* Task to carry out
Using the listing below, retype exactly the lines starting at the one with "The Aster Jacket is" and ending at the one with "Seat Memory Module", and include both.

* Records supplied
○ ○ ○ ○
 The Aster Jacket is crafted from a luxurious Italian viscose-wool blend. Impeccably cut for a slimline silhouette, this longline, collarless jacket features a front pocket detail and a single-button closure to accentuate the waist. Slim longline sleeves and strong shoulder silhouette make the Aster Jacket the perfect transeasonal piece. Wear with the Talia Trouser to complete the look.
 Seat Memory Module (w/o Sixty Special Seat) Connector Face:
○ ○ ○ ○
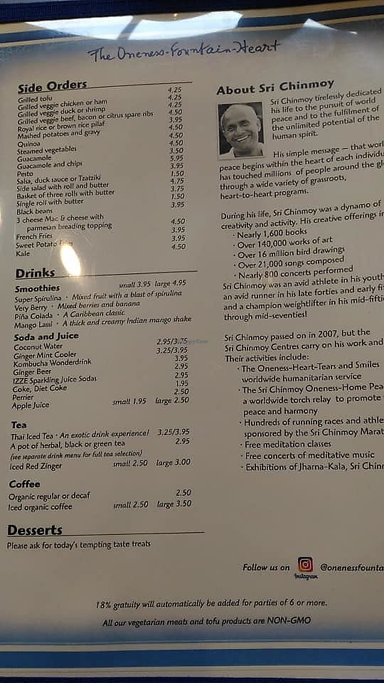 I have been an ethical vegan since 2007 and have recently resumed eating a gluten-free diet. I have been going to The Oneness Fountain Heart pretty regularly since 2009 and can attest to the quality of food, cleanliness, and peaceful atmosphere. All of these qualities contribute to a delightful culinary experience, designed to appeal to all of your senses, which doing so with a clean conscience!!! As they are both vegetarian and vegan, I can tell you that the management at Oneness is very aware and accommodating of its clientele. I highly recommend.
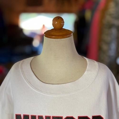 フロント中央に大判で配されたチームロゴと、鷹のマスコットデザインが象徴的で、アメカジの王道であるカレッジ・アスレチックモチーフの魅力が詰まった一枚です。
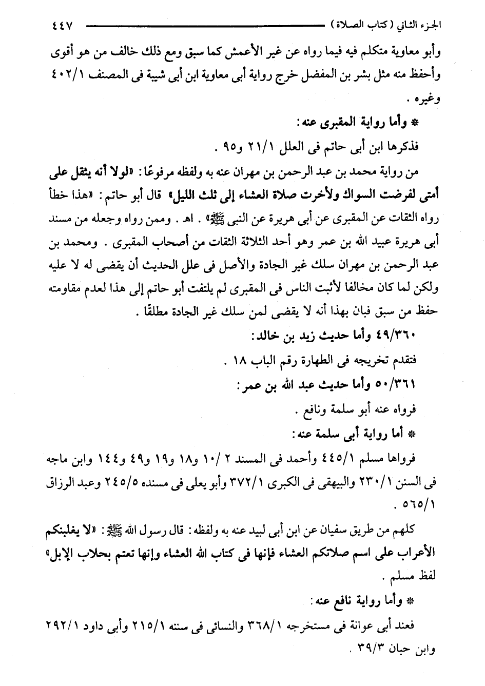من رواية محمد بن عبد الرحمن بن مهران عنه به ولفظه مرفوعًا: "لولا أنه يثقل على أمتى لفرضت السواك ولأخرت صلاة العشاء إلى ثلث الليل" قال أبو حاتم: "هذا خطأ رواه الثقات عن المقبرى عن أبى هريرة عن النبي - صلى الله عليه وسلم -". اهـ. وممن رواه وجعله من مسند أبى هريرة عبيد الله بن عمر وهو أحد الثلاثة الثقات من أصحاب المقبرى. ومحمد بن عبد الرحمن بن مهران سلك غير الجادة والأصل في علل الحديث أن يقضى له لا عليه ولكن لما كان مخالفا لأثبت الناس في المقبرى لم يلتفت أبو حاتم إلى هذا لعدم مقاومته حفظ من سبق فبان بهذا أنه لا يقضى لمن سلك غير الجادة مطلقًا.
○ ○ ○ ○
* Output below
 The Aster Jacket is crafted from a luxurious Italian viscose-wool blend. Impeccably cut for a slimline silhouette, this longline, collarless jacket features a front pocket detail and a single-button closure to accentuate the waist. Slim longline sleeves and strong shoulder silhouette make the Aster Jacket the perfect transeasonal piece. Wear with the Talia Trouser to complete the look.
 Seat Memory Module (w/o Sixty Special Seat) Connector Face:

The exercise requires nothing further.